§ WORK REQUEST: Using the listing below, set down exactly the lines from the one that contains "Laveo Tau, 1" through the one that contains "Концепт демонстрирует нефтяные", with no pictures.

§ EXERCISE MATERIALS:
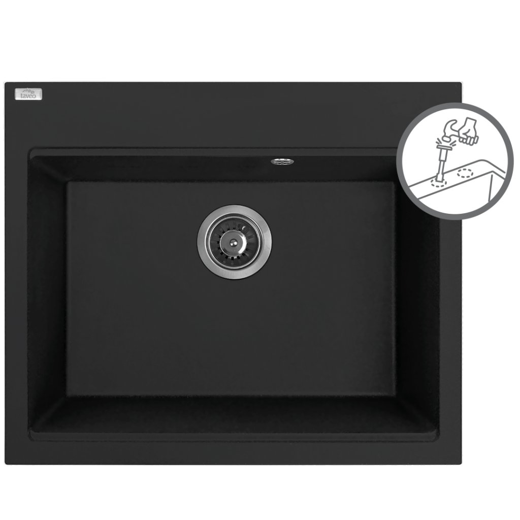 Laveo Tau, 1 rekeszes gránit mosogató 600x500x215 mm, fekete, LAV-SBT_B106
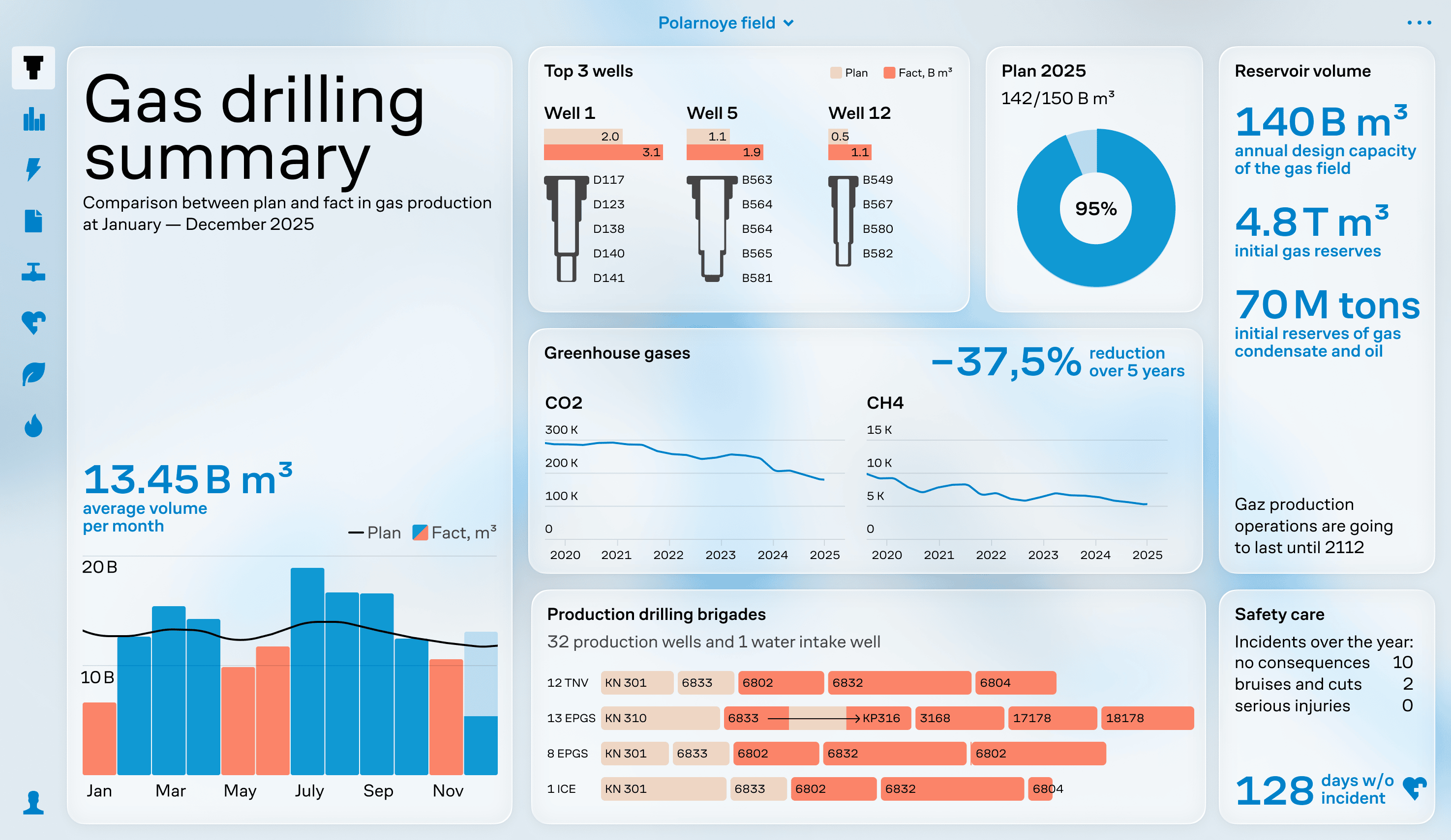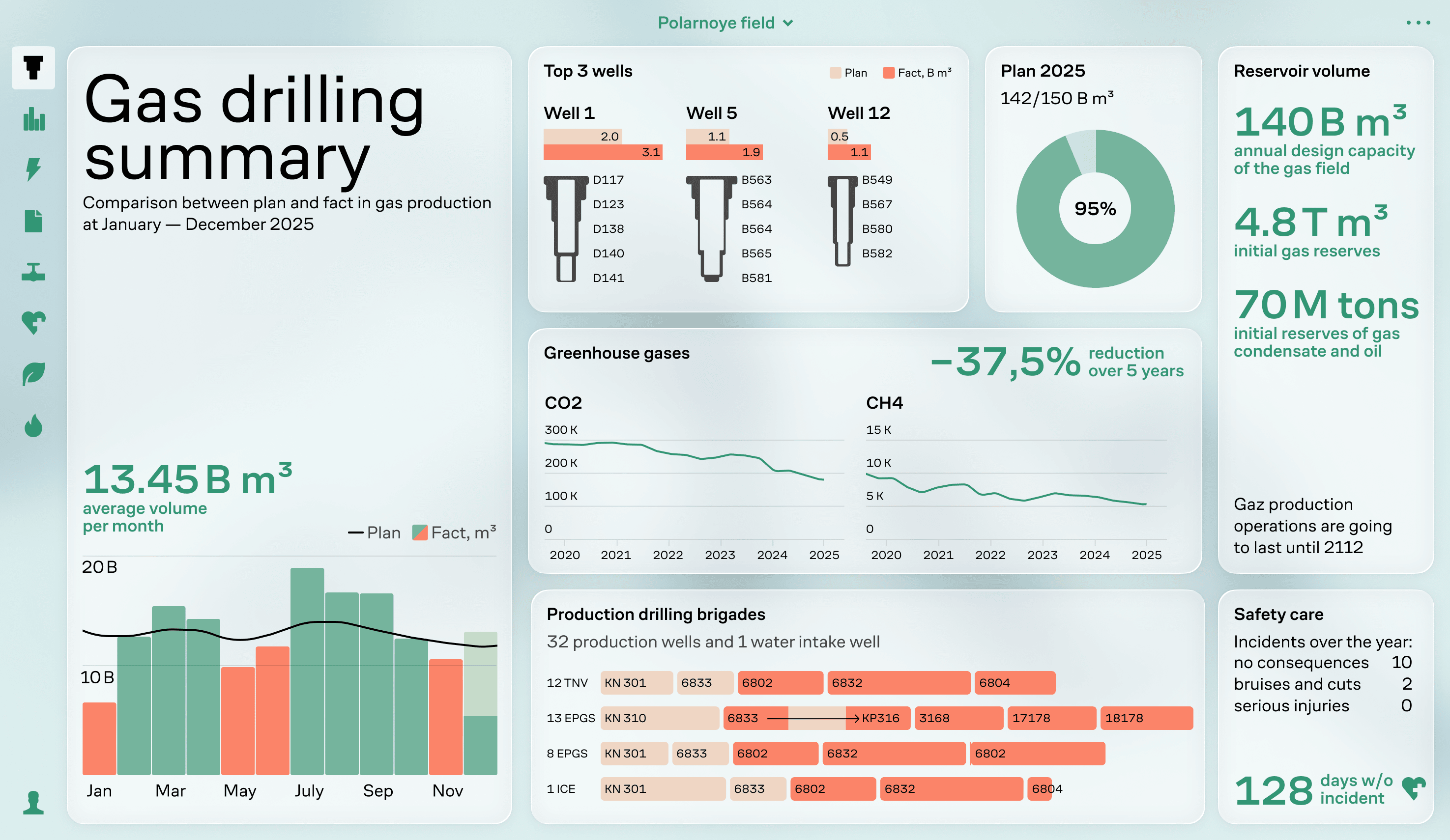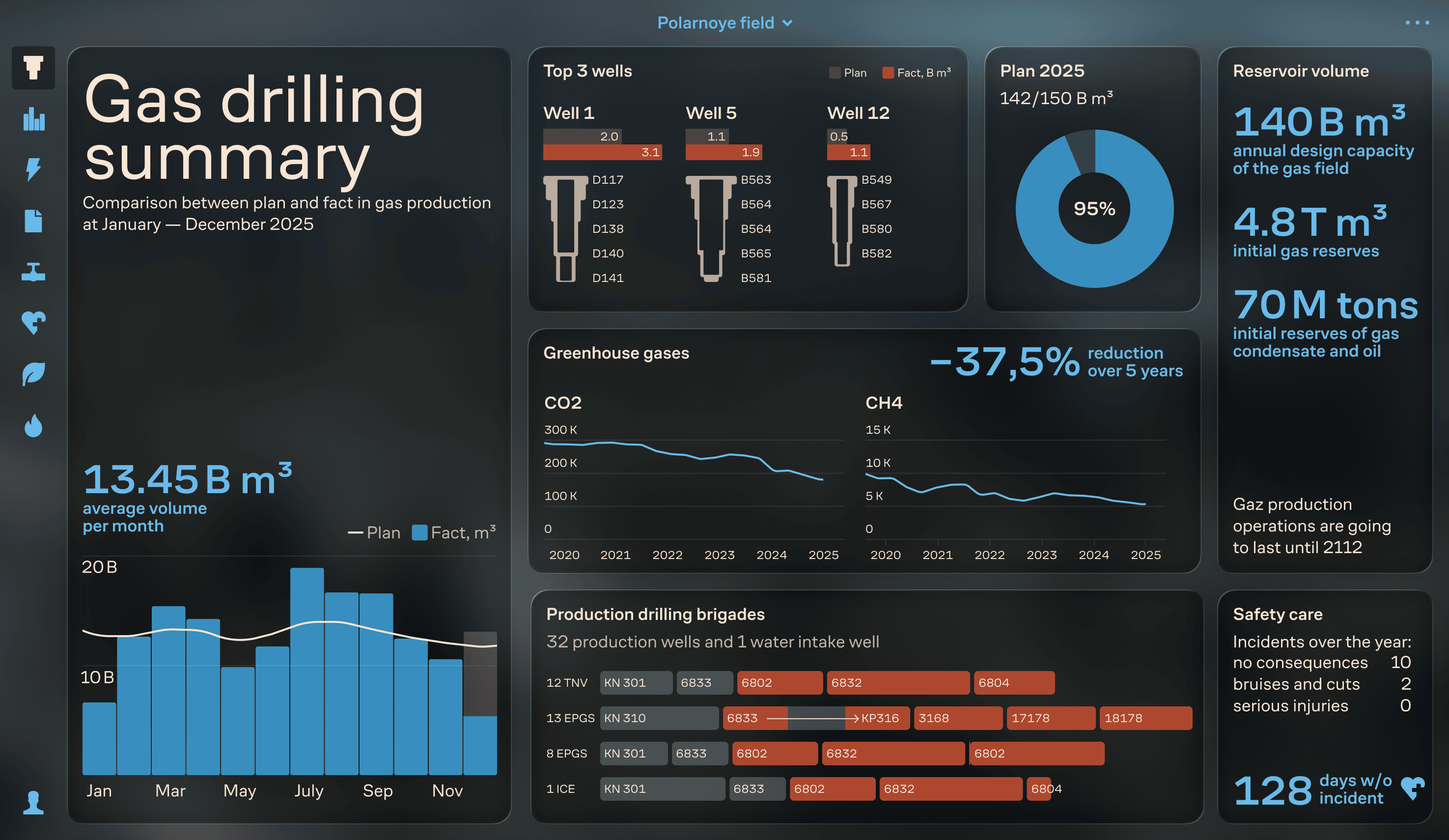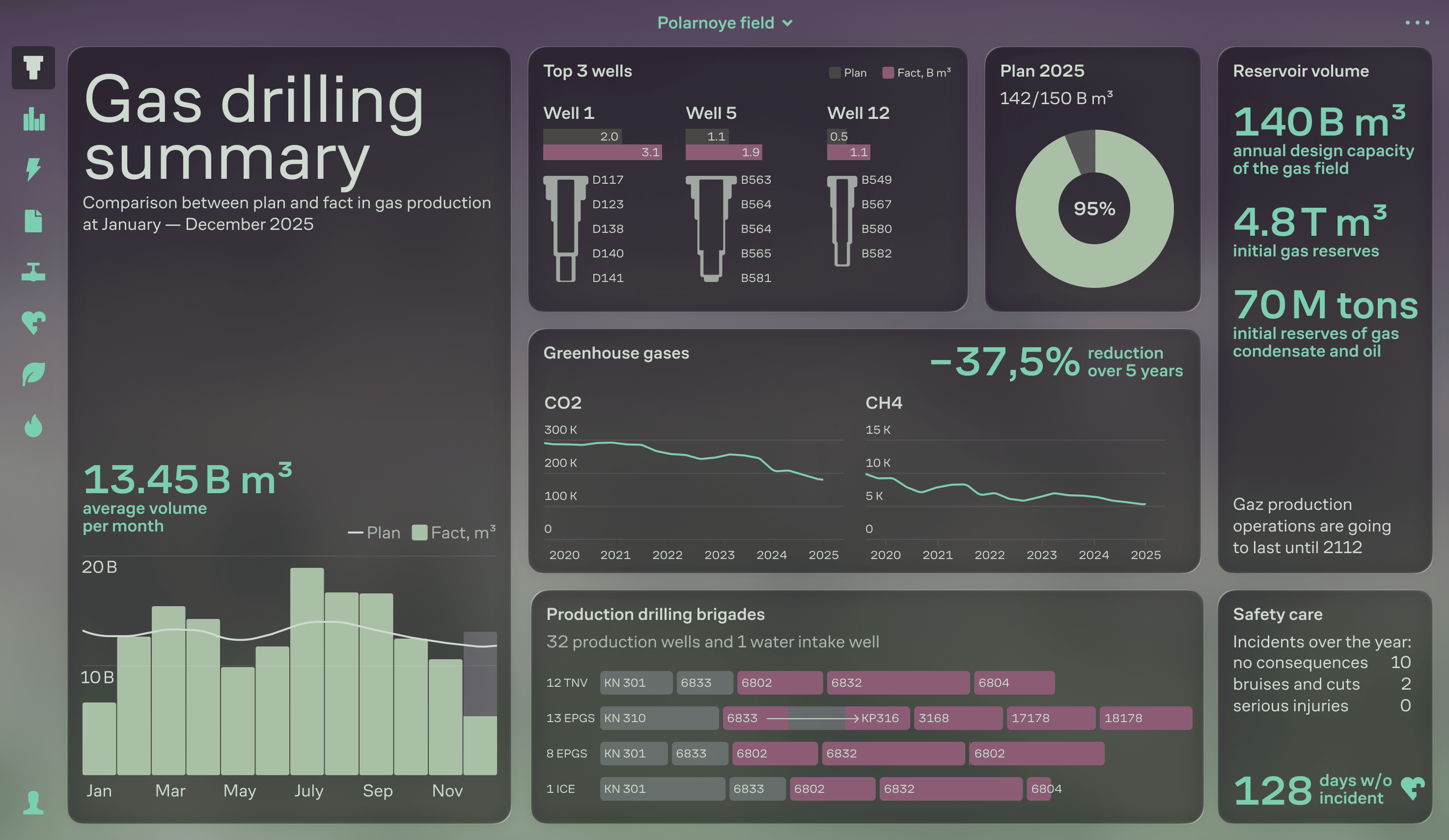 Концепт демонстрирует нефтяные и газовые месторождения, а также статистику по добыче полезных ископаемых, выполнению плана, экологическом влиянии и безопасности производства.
* * *
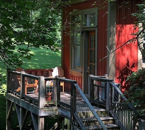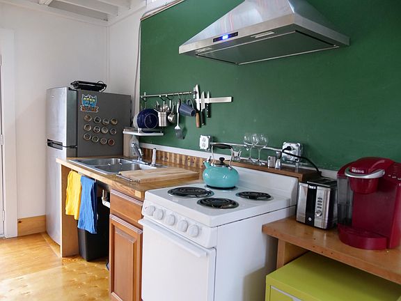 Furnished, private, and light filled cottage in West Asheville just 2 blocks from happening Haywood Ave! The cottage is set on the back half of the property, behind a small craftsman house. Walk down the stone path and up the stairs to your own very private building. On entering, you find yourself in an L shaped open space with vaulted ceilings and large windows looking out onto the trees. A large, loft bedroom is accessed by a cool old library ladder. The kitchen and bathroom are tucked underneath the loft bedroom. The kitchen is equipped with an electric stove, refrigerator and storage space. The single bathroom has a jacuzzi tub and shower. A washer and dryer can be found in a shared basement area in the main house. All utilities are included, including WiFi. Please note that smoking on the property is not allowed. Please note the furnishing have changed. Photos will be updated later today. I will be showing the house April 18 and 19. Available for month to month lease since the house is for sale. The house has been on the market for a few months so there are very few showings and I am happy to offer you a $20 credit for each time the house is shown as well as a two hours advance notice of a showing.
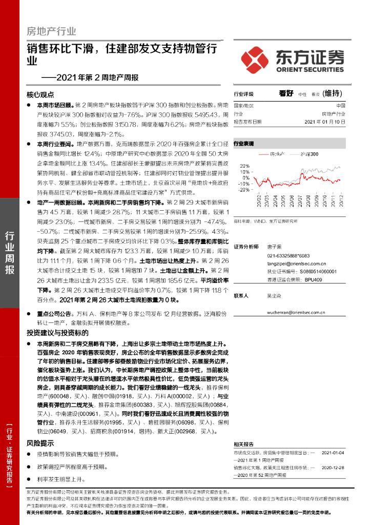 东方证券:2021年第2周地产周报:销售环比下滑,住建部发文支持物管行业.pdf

§ EXERCISE OUTPUT:
 Laveo Tau, 1 rekeszes gránit mosogató 600x500x215 mm, fekete, LAV-SBT_B106
 Концепт демонстрирует нефтяные и газовые месторождения, а также статистику по добыче полезных ископаемых, выполнению плана, экологическом влиянии и безопасности производства.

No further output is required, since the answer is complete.